In the following notebooks, we'll run forecasts using two **zero-shot** models: ```Moirai``` and ```Chronos```, and two **traditional models**: ```NBeats``` and ```NHiTS```. We'll run forecasts without covariates (```NHiTS``` also with covariables) so we can compare the results later in the benchmark.

## 1. Pollen predictions
In the following four notebooks we are going to predict the amount of pollen and store it in a file in the ```PREDICTIONS_DIR``` directory, and the times of performing the fitting and the predictions in ```TIMING_DIR``` directory. 

### 1.1. Constants
- ```FIRST_DATE``` and ```LAST_DATE```. This is the range of dates for which there is data in the dataset.
```
FIRST_YEAR = 1993
LAST_YEAR = 2023

# First and last day in the datset
FIRST_DATE = date(FIRST_YEAR, 1, 1)
LAST_DATE = date(LAST_YEAR, 12, 31)
```

### 1.2. Parameters
- ```HORIZON_SIZE```. The size of the prediction horizon is the number of days that are predicted.
- ```INPUT_SIZE```. The input size is the number of days taken from the context to make the predictions.
- ```TRAIN_SIZE```. The train size is the number of days taken from the dataset to fit de model before making predictions.
- ```START_YEAR```, ```END_YEAR```. It is the range of years in which the predictions will be made, without taking into account the offset.
- ```OFFSET_DAYS```.  The distance between the first January value of ```START_YEAR``` and the first date that will have ```HORIZON_SIZE``` prediction steps.
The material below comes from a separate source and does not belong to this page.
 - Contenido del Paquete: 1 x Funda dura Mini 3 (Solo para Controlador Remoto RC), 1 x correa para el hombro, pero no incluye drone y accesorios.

For example, ```OFFSET_DAYS=-5``` means we start from December 25th of the year prior to ```START_YEAR```, not from the first day of January to have ```HORIZON_SIZE``` predictions.
- ```START_TRAINING```, ```START_DATE - 1```. Date range for which you need pollen data for the training.
- ```START_DATE```, ```END_DATE```. Date range for which you need pollen data for the forecast.
- ```OUTPUT_DIR```. Directory where the predictions will be saved.
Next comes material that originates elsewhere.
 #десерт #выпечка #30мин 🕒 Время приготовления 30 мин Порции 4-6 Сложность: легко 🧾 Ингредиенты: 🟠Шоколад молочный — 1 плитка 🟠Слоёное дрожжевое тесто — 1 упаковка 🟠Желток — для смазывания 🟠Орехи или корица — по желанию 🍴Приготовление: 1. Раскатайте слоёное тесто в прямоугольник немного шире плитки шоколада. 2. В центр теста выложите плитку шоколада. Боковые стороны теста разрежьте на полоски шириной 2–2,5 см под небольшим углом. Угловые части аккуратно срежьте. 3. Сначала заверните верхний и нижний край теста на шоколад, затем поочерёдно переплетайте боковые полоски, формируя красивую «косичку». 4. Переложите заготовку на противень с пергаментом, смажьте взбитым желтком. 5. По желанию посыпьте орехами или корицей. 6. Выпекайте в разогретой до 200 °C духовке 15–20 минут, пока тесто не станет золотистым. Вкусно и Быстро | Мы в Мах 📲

### 1.3. Time Series, START_DATE and END_DATE calculation. 
```en``` or ```y```. The endogenous time series is a serie  (```pd.serie```) that contains for the range of dates the pollen data to make the predictions and the training.
```ex``` or ```X```. The exogenous time series is a dataframe (```pd.dataframe```) that contains for the range of dates the rain, tmax, tmin, tmed data to make the predictions and the training.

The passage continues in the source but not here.